Starting with the line that has "Bandana Print Surplice" and finishing with the line that has "Very large paint", set down each line below exactly. Pictures are not copied.

**Listed records**
*** Begin section ***

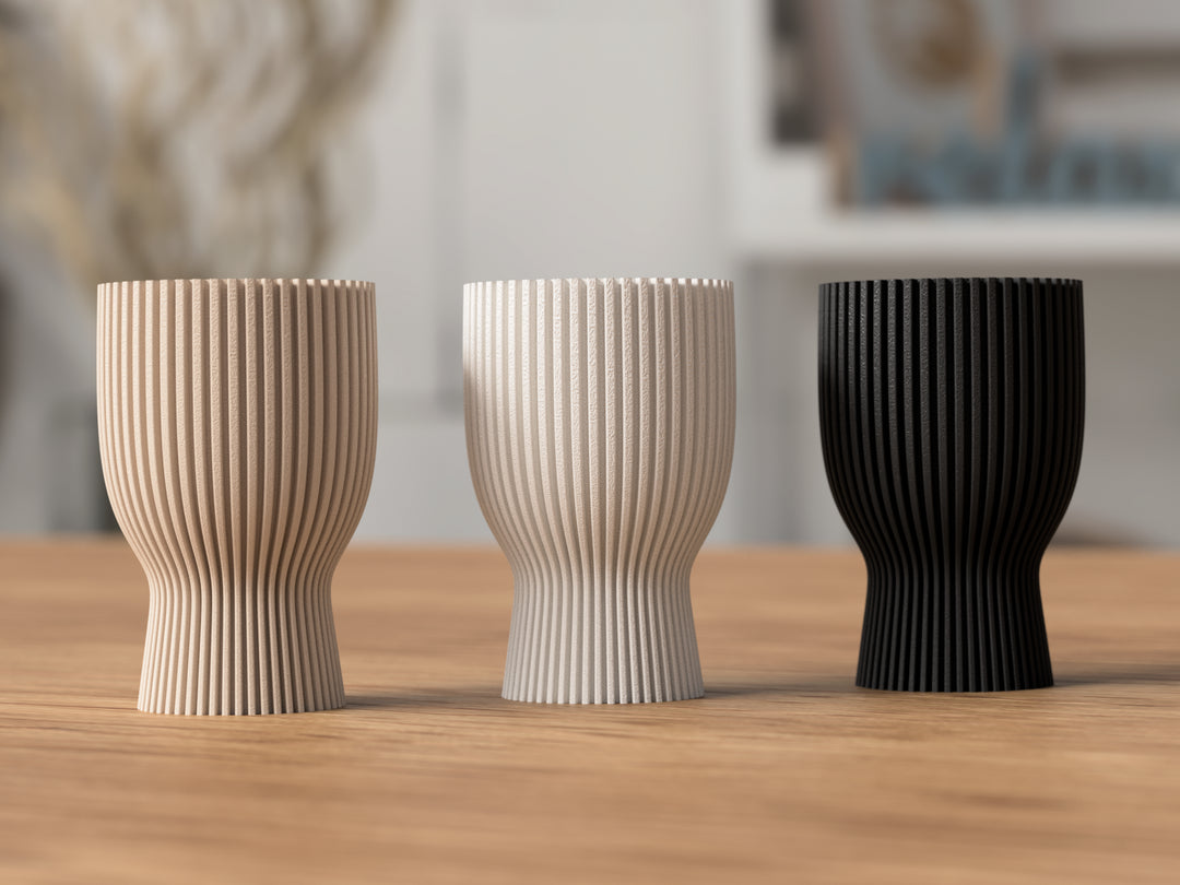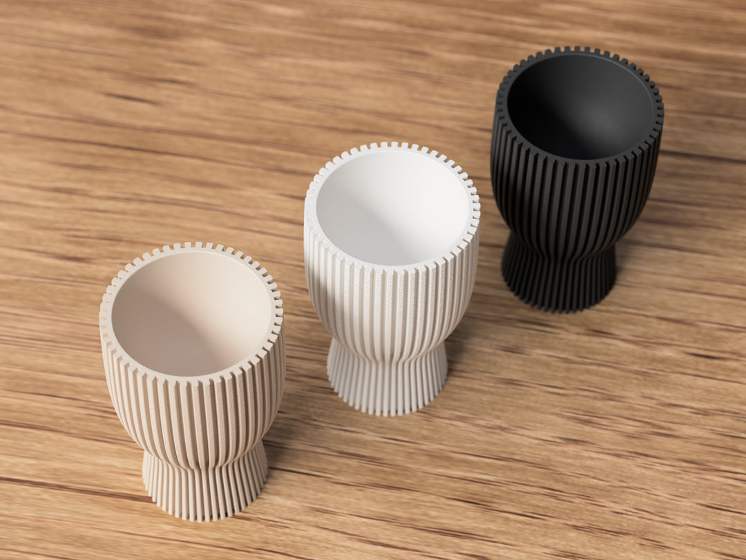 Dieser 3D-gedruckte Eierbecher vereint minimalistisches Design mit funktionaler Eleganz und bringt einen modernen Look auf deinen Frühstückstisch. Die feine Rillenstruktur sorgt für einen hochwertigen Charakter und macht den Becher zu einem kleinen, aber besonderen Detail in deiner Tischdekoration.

*** End section ***
*** Begin section ***

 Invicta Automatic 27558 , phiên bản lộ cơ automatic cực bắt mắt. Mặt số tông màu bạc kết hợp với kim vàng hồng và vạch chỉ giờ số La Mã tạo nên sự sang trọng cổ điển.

*** End section ***
*** Begin section ***

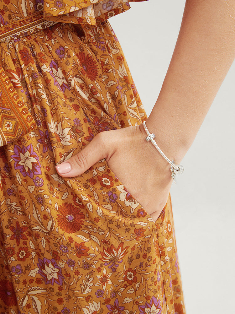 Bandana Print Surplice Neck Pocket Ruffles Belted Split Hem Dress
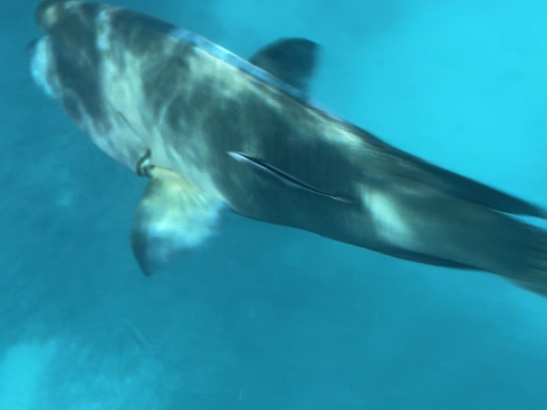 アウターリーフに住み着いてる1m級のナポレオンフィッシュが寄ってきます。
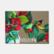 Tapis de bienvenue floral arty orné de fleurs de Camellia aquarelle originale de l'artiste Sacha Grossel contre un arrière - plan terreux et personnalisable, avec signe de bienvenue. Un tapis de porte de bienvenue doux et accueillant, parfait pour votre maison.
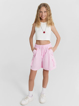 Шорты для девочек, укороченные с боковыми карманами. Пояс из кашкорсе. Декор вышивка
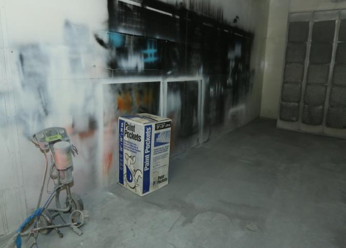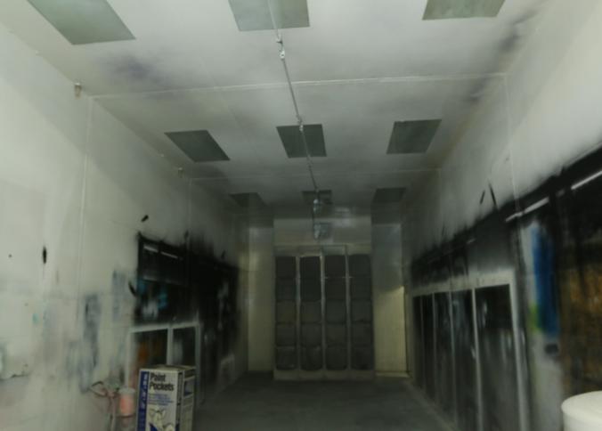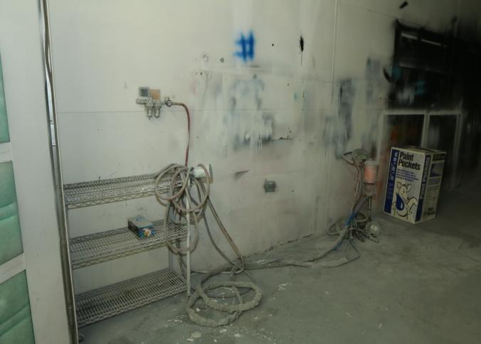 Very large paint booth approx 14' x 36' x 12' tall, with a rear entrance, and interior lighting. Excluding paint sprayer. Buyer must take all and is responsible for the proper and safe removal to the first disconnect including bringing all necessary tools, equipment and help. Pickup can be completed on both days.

*** End section ***

**Expected answer**
 Bandana Print Surplice Neck Pocket Ruffles Belted Split Hem Dress
 アウターリーフに住み着いてる1m級のナポレオンフィッシュが寄ってきます。
 Tapis de bienvenue floral arty orné de fleurs de Camellia aquarelle originale de l'artiste Sacha Grossel contre un arrière - plan terreux et personnalisable, avec signe de bienvenue. Un tapis de porte de bienvenue doux et accueillant, parfait pour votre maison.
 Шорты для девочек, укороченные с боковыми карманами. Пояс из кашкорсе. Декор вышивка
 Very large paint booth approx 14' x 36' x 12' tall, with a rear entrance, and interior lighting. Excluding paint sprayer. Buyer must take all and is responsible for the proper and safe removal to the first disconnect including bringing all necessary tools, equipment and help. Pickup can be completed on both days.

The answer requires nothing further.